26 July

Fifth anniversary of the NSERC Canadian Field Robotics Network

There is little doubt that we are on the brink of an enormous transformation to a society where robotics technologies are omnipresent. This process is one that is unstoppable, unprecedented and which promises immense opportunities.

Robotics technologies have already become quite familiar, including the iconic "classical robots" like the automated vacuum cleaners or flying drone vehicles, but also indisputably robotic devices like automated teller machines and washing machines, all of which sense their immediate environment, make computations, and transform their computations into tangible physical form.

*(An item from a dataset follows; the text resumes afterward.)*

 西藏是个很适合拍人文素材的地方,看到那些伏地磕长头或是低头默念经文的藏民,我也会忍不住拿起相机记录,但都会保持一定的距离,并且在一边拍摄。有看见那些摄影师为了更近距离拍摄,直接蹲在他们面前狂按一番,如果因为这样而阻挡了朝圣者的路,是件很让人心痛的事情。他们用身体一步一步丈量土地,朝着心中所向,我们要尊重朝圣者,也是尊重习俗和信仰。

"So, what is a robot anyhow", you might ask? Robotics in its broadest form can be defined as the discipline concerned with both the development and modeling of systems that (1) make measurements of the real world, (2) perform computations, and then (3) act upon the real world in some substantial way. By this definition, more and more of the objects in our everyday world are becoming robots, and this is happening rapidly. This includes, of course, cell phones, cars, security systems, and many of the appliances in our homes. The microwave oven in my own home, for example, measures the weight and humidity of food we put into it, computes the appropriate cooking time and power levels needed, and then acts upon the food to cook it. As almost every object within our lives becomes computationally enabled, myriad new challenges, opportunities and advantages in everyday life are starting to emerge.

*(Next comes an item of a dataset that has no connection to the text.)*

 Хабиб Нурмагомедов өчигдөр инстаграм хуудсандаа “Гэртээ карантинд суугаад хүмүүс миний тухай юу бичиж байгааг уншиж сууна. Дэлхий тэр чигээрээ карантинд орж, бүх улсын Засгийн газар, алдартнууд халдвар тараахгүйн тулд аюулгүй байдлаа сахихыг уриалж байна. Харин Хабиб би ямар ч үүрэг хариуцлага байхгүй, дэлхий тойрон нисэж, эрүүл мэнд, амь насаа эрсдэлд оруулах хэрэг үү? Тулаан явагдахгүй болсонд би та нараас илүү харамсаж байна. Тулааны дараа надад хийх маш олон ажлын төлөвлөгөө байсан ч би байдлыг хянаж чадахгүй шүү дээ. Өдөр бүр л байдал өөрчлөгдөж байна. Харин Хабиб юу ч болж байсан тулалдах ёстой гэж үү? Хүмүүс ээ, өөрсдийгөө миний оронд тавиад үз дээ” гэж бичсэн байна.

The constructs of computer science (such as computer operating systems) are already the most complex things mankind has ever built. Devices that cross the boundary between software and hardware -- that is robotic devices -- push this limit such further. Thus, as the science of robotics, including the associated disciplines of artificial intelligence and machine learning advance, we are finding new challenges not only in terms or what want to achieve, but also in terms of how to understand and manage the systems we build, and how to best exploit them.

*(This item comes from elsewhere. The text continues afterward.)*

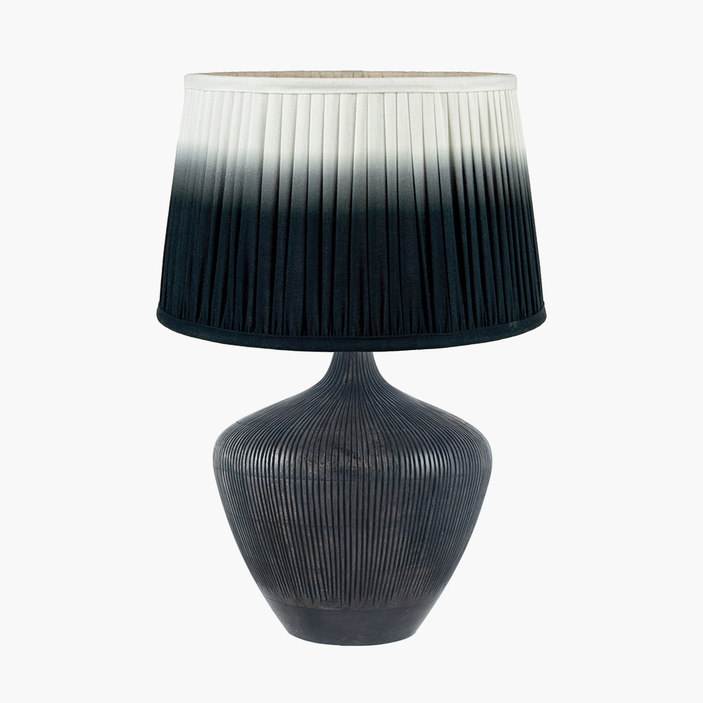 The Manaia Antique Black Textured Wood Table Lamp Base with Scallop 35cm Black Ombre Soft Pleated Tapered Shade blends contemporary design with timeless craftsmanship. A refined statement for any room, it pairs clean lines with tactile details to suit modern and classic decors alike.

The NSERC Canadian Field Robotic Network, with its base at McGill, recently celebrated its fifth anniversary. In the last five years is has funded and graduated some 75 students with advanced degrees (PhD and MSc), funded some 285 person-years of advanced research, and led to the publications of hundreds of scientific papers. This, in turn, has led to new ideas transferred to our partner companies, new employees, and several seed or startup companies at various stages. Most importantly, it has allowed the Canadian robotics research community to grow, link together and build collaborations and synergies within the country.

The competitive pressure is immense today with vast amounts of robotics funding being deployed in the US, Japan Korea, Singapore, the European Union, the United Kingdom and other places. By funding our own national research programs we have allowed some truly amazing internationally recognized talent to develop and flourish. Even better, by exposing our students to the diversity and richness of Canadian talent, we have been able to retain more of them in the country. Going forward, we need to maintain our focus, plan how we deploy our resources and build a cohesive national plan.